“Schau du auf mich, so wie ich auf dich schaue!” (Inneres Wort)
Das ist die liebevolle Einladung unseres himmlischen Vaters zu einem vertrauten Weg durch diese Erdenzeit. Welche Zärtlichkeit begegnet uns in diesem Wort! Das Schauen des Vaters auf uns Menschen ist voller sorgender Liebe für unsere leiblichen und geistlichen Bedürfnisse.
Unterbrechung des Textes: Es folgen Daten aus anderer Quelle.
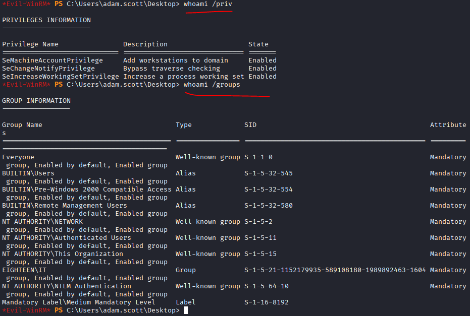 whoami /privywhoami /groupspara ver si adam.scott tiene privilegios especiales a nivel del host. No observamos nada como SeBackupPrivilege habilitado (técnicas comunes de escalada en Windows), ni pertenecía al grupo local Administrators. Así que no parece tener privilegios elevados locales directos.
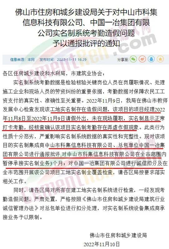 因此,對中山市科集信息科技有限公司、總包單位中國一冶集團(tuán)有限公司進(jìn)行通報批評。對中山市科集信息科技有限公司在全市范圍內(nèi)暫停承接實名制業(yè)務(wù)3個月;對中國一冶集團(tuán)有限公司進(jìn)行誠信扣分及在全市范圍開展該公司項目工地實名制全覆蓋檢查。
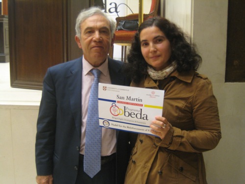 El Director y la Coordinadora del Programa Beda, durante la celebración del II Congreso de Bilinguüismo–Beda, en la que el Colegio San Martín recibió la Certificación que acredita al Centro como miembro del Plan Beda en su Modelo de potenciación del Inglés.
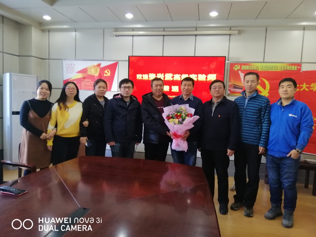 范柏祥总结发言并对实验室在职教工提出殷切希望,希望大家不忘初心,牢记使命,对自己的工作负责,对学校发展负责,对师生安全负责,用心去思考,落实在行动上,完成好本职工作。为我们学校双一流大学建设服务做出我们应有的努力!会议最后,教工党支部为张兴武同志赠送了书籍和鲜花,参加座谈会的老师们一起合影留念,共同记录下这难忘的时刻。
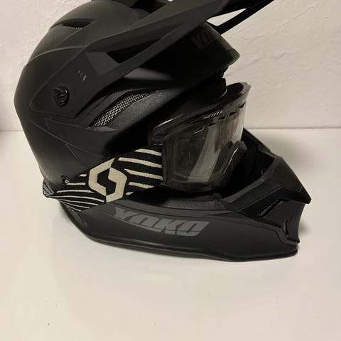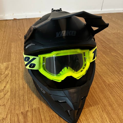Yoko kypärä mattamusta väri, motocross-tyylinen kypärä. Kypärä tarjoaa suojaa ja pehmustetun sisäosan mukavuutta varten. Koko n. S. Lisänä mukaan 100%-merkkiset säädettävät punaiset ajolasit, jotka sopivat kypärään.
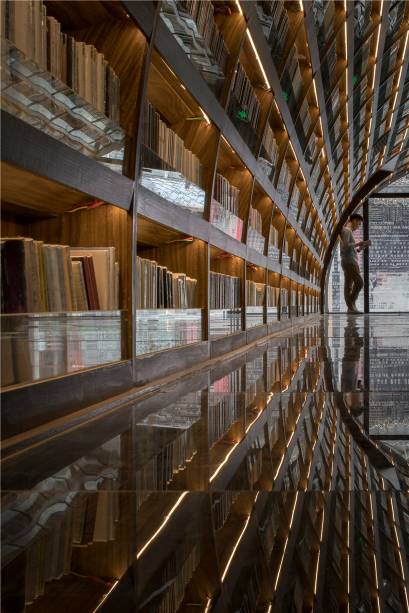 Biblioteca ganha piso preto refletor e parece flutuar na China

Immer kommt die Liebe Gottes uns zuvor, denn er hat schon auf uns geschaut, bevor wir im Schoß der Mutter waren:
“Noch ehe ich dich im Mutterleib formte, habe ich dich ausersehen, noch ehe du aus dem Mutterschoß hervorkamst, habe ich dich geheiligt” (Jer 1,5).
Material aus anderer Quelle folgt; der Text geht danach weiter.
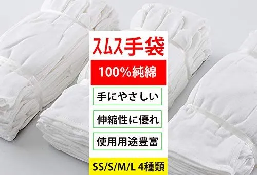 【Sサイズ】つばさ Tsubasa スムス 純綿100% 手袋 1袋(12双入) 女性に最適 多用途 作業手袋 検品 品質管理 マチなし Sサイズ Sサイズ・全長:約21cm 手のひら周り:16cm 中指の長さ:8.1cm 手荒れやアトピー対策 貴金属店や不動産業などの貴重品に触れる業務に 車、自転車などの運転時に 日焼け対策として スロットやメダルゲームに
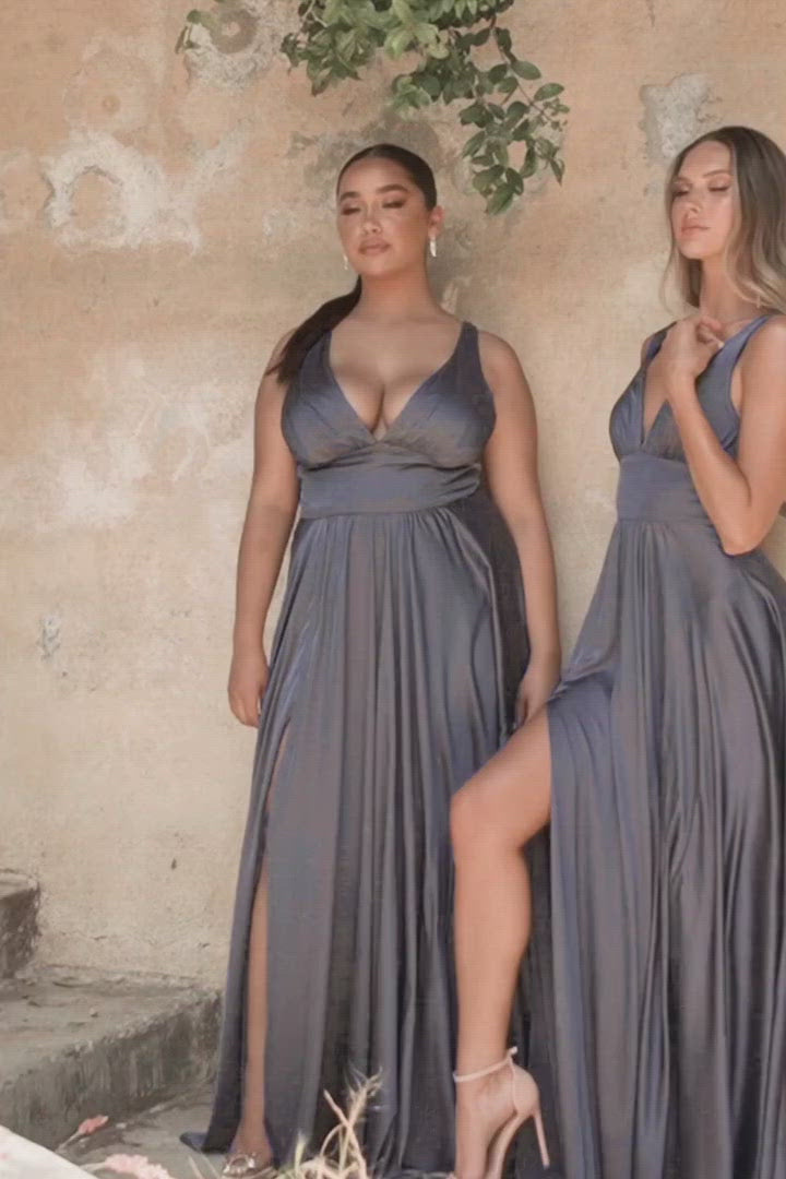 Satin Flowy A-Line Dress With Leg Slit, Open Back And V-Neckline_02 by Cinderella Divine -7469

Seine Liebe begleitet uns Tag für Tag, und unser Vater schaut so sorgsam auf jeden von uns, als wäre man sein einziges Kind, das er nicht verlieren möchte.
Wir schauen zu unserem Vater auf und beten mit dem Psalmisten:
“Deine Augen sahen, wie ich entstand, in deinem Buch war schon alles verzeichnet; meine Tage waren schon gebildet, als noch keiner von ihnen da war” (Ps 139,16).
Unter Deinem liebenden Blick, Vater, gehen wir weiter und danken Dir für das Geschenk des Lebens und für Deine unvergleichliche Weisheit. Sie achtet auf meine Schritte – immer bereit, mich zu korrigieren und zu belehren, zu stärken und zu führen.
Wir schauen voller Liebe auf Dich, geliebter Vater, staunend, wie Du unser Leben lenkst und wie geduldig Du mit uns Menschen bist. Immer wissen wir, daß wir zu Dir kommen können, wenn wir die Augen unseres Herzens erheben. Dann hat Dein Blick schon auf uns geruht und uns zu verstehen gegeben, daß Du uns liebst und auf unserem Weg begleitest, wie Du Deinen Sohn begleitet hast.
Was kann da noch geschehen? Eigentlich nichts – wir dürfen Dich nur nie aus den Augen verlieren und sollten wie Dein Sohn immer auf Dich schauen.